** Provided data follows **

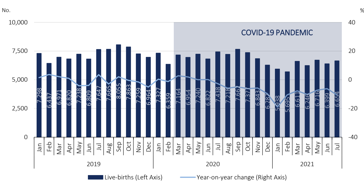
Figure 4: Live births and year-on-year change, January 2019 to July 2021

Despite some recovery in births from March 2021, the number of live births was always lower than between the months of January to July 2020, representing a total of 5,045 less live births.
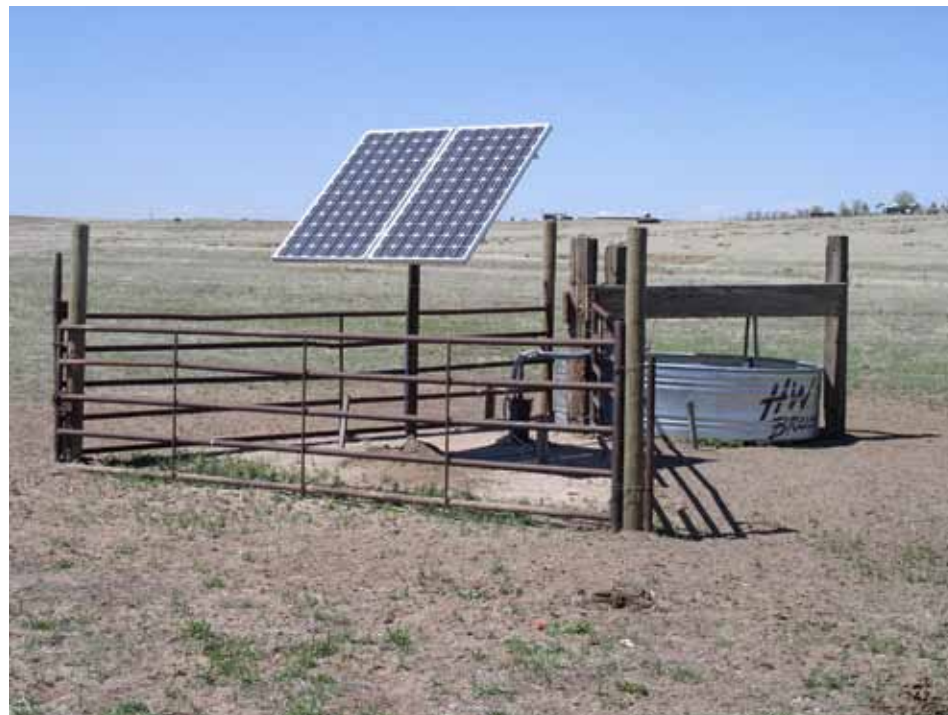
Water facilities are critical to enable good grazing management. The High Plains and Prairie conservation districts used Matching Grant funds to cost-share solar powered water pumps to provide water tanks in remote areas.

Under ever-changing natural resource uses and values, conservation is necessarily a dynamic, adaptable activity. For example,
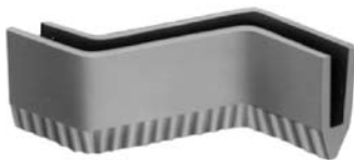
Sheet Pile Protector
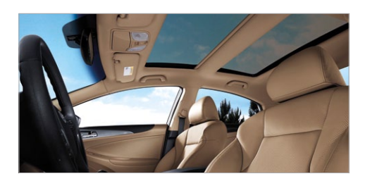
IN A CLASS BY ITSELF

How confident can you be in our lithium polymer battery technology? It comes with a lifetime warranty – an industry first.* It also fits in the trunk, giving Sonata Hybrid the largest passenger volume among midsize hybrid sedans. A regenerative braking system even recharges the car's batteries on the road. For more information on the new thinking behind Sonata Hybrid, visit your nearest Hyundai dealer or find us online at hyundaiusa.com.
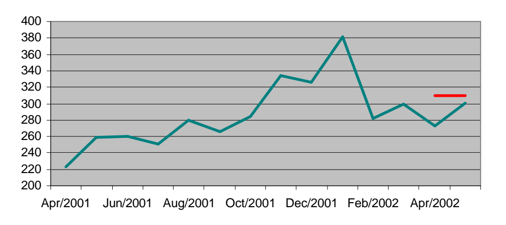
Chart 2: MPS Gun Related Violent Crime Offences

7 The level of gun related violent crime in May 2002 (301) remained below the 310 ceiling set in the policing plan (shown as a red line for April and May 2002 only).
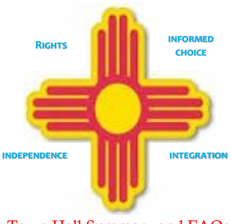
Town Hall Summary and FAQs

The Know Your Rights Campaign Steering Committee was created in November 2016 to provide education and outreach to people with disabilities, family members, advocates and guardians on the Centers for Medicare and Medicaid Services (CMS) Final Rule: Home and Community Based Services (HCBS) Settings Requirements. The Steering Committee is comprised of numerous partners: the New Mexico Allies for Advocacy, the ARC of New Mexico, Case Management Action and Advocacy Council, New Mexico Autism Society, Developmental Disabilities Planning Council, Disability Rights New Mexico, Developmental Disabilities Supports Division, Division of Health Improvement, Governor's Commission on Disability, Human Services Department, Parents Reaching Out, San Juan Center for Independence, Association of Developmental Disabilities Community Providers (ADDCP), Family Living Provider Association, UNM/Center for Development and Disability, NM Equality, and the Attorney General's Office. One of the actions led by the Steering Committee was hosting 10 Know Your Right Town Halls across the state from February to April 2017.
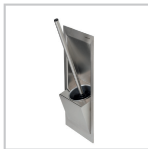
saniApp brush set
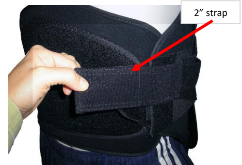
Pull and attach two 2" straps to the front panel to secure.
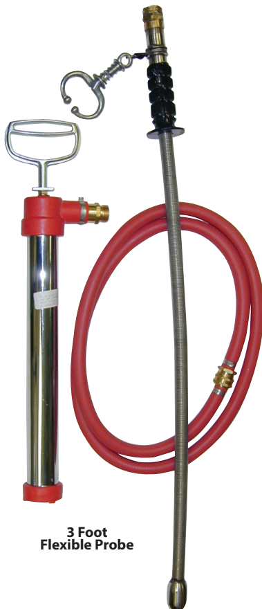
3 Foot Flexible Probe
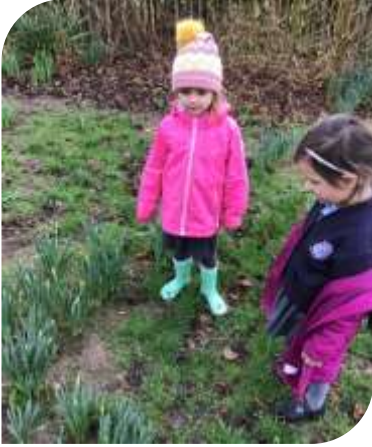
Wellbeing Wednesday Wellbeing walk around the grounds!
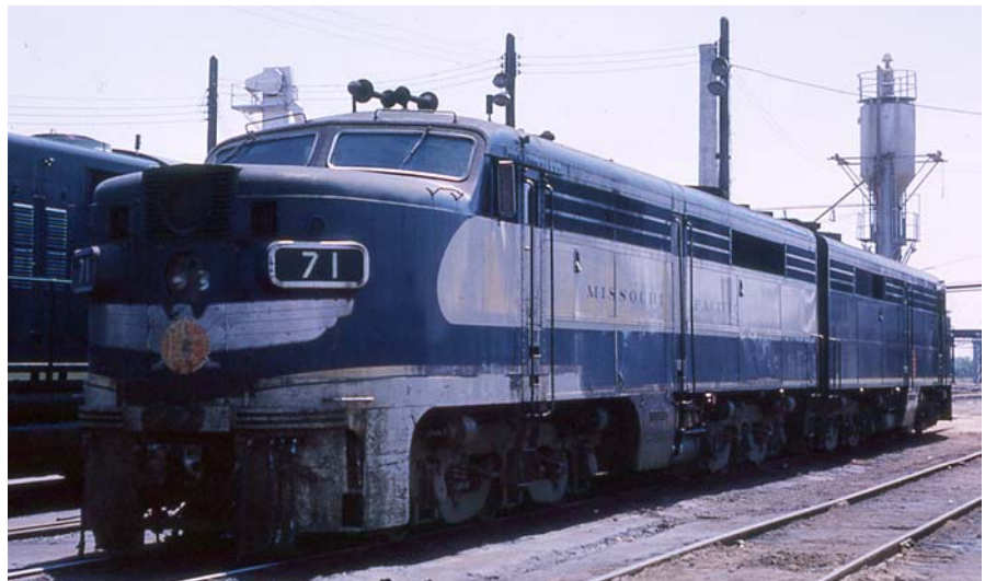
MoPac Alco PA2 No. 71 is seen here late in life in June 1963 at Fort Worth. When delivered in 1952 the locomotive was numbered 8028; it was sold for scrap in 1965.

need modifications. For example, MoPac PAs didn't have dynamic brakes so I had to remove the dynamic brake-related items modeled on the top of the shell. I also added a "fire cracker" antenna and a prime mover intake and vent.
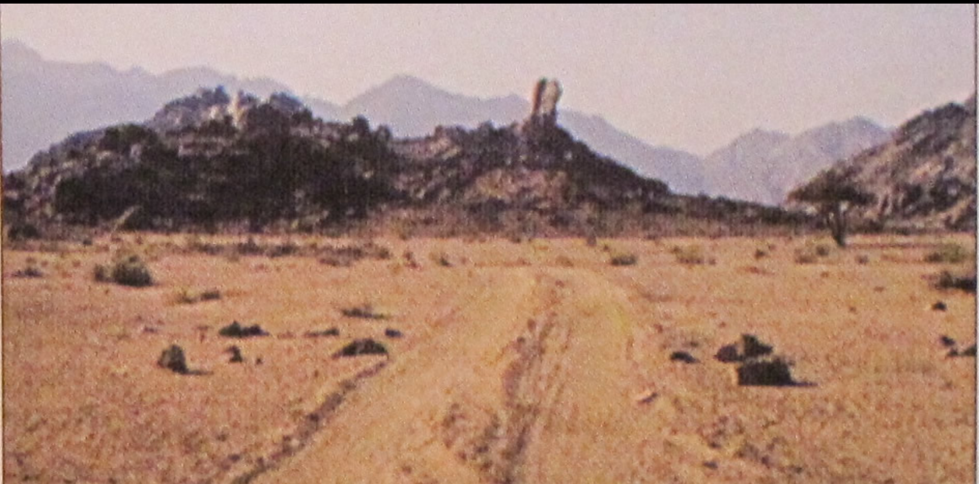
Split rock of Horeb in the distance
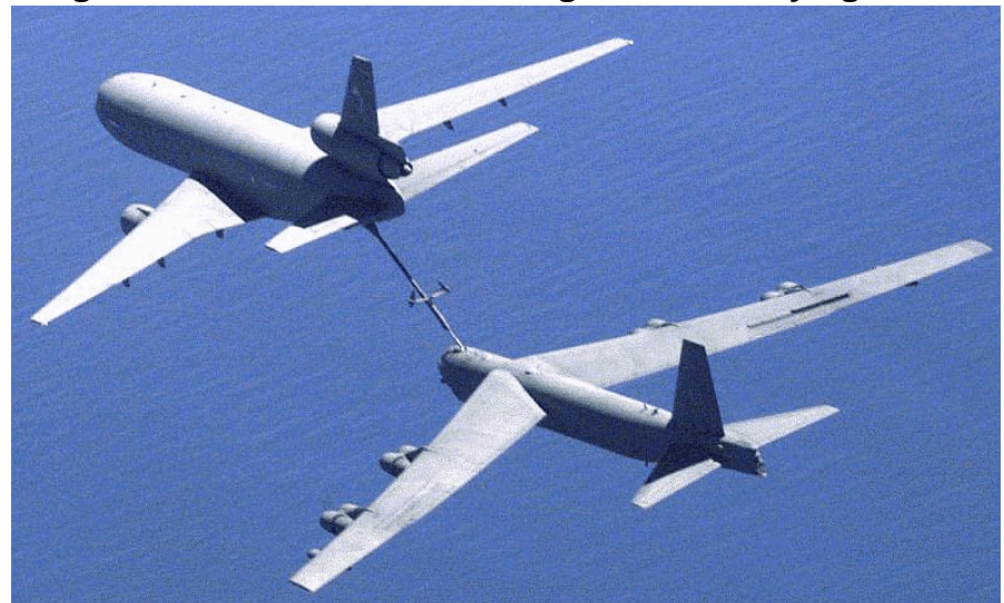
Figure 1. USAF KC-10 Refueling B-52 with Flying Boom

Currently, Air Force fixed-wing aircraft refuel with the "flying boom." The boom is a rigid, telescoping tube that an operator on the tanker aircraft extends and inserts into a receptacle on the aircraft being refueled. ( Figure 1 ).
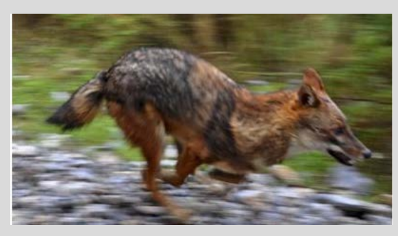
Figure 15 Golden Jackal

Specifically, four (4) InfraRed camera traps were placed in two (2) sites within the airport area. Jackals were spotted during night time and their point of entrance was located. Archipelagos will continue to observe the area in order to gather more data and will then proceed to propose measures and action for its relocation.

** End of Provided data **

• [Task statement]: Reproduce the data above exactly, leaving each picture out.

• [Answer section]:
Figure 4: Live births and year-on-year change, January 2019 to July 2021

Despite some recovery in births from March 2021, the number of live births was always lower than between the months of January to July 2020, representing a total of 5,045 less live births.
Water facilities are critical to enable good grazing management. The High Plains and Prairie conservation districts used Matching Grant funds to cost-share solar powered water pumps to provide water tanks in remote areas.

Under ever-changing natural resource uses and values, conservation is necessarily a dynamic, adaptable activity. For example,
Sheet Pile Protector
IN A CLASS BY ITSELF

How confident can you be in our lithium polymer battery technology? It comes with a lifetime warranty – an industry first.* It also fits in the trunk, giving Sonata Hybrid the largest passenger volume among midsize hybrid sedans. A regenerative braking system even recharges the car's batteries on the road. For more information on the new thinking behind Sonata Hybrid, visit your nearest Hyundai dealer or find us online at hyundaiusa.com.
Chart 2: MPS Gun Related Violent Crime Offences

7 The level of gun related violent crime in May 2002 (301) remained below the 310 ceiling set in the policing plan (shown as a red line for April and May 2002 only).
Town Hall Summary and FAQs

The Know Your Rights Campaign Steering Committee was created in November 2016 to provide education and outreach to people with disabilities, family members, advocates and guardians on the Centers for Medicare and Medicaid Services (CMS) Final Rule: Home and Community Based Services (HCBS) Settings Requirements. The Steering Committee is comprised of numerous partners: the New Mexico Allies for Advocacy, the ARC of New Mexico, Case Management Action and Advocacy Council, New Mexico Autism Society, Developmental Disabilities Planning Council, Disability Rights New Mexico, Developmental Disabilities Supports Division, Division of Health Improvement, Governor's Commission on Disability, Human Services Department, Parents Reaching Out, San Juan Center for Independence, Association of Developmental Disabilities Community Providers (ADDCP), Family Living Provider Association, UNM/Center for Development and Disability, NM Equality, and the Attorney General's Office. One of the actions led by the Steering Committee was hosting 10 Know Your Right Town Halls across the state from February to April 2017.
saniApp brush set
Pull and attach two 2" straps to the front panel to secure.
3 Foot Flexible Probe
Wellbeing Wednesday Wellbeing walk around the grounds!
MoPac Alco PA2 No. 71 is seen here late in life in June 1963 at Fort Worth. When delivered in 1952 the locomotive was numbered 8028; it was sold for scrap in 1965.

need modifications. For example, MoPac PAs didn't have dynamic brakes so I had to remove the dynamic brake-related items modeled on the top of the shell. I also added a "fire cracker" antenna and a prime mover intake and vent.
Split rock of Horeb in the distance
Figure 1. USAF KC-10 Refueling B-52 with Flying Boom

Currently, Air Force fixed-wing aircraft refuel with the "flying boom." The boom is a rigid, telescoping tube that an operator on the tanker aircraft extends and inserts into a receptacle on the aircraft being refueled. ( Figure 1 ).
Figure 15 Golden Jackal

Specifically, four (4) InfraRed camera traps were placed in two (2) sites within the airport area. Jackals were spotted during night time and their point of entrance was located. Archipelagos will continue to observe the area in order to gather more data and will then proceed to propose measures and action for its relocation.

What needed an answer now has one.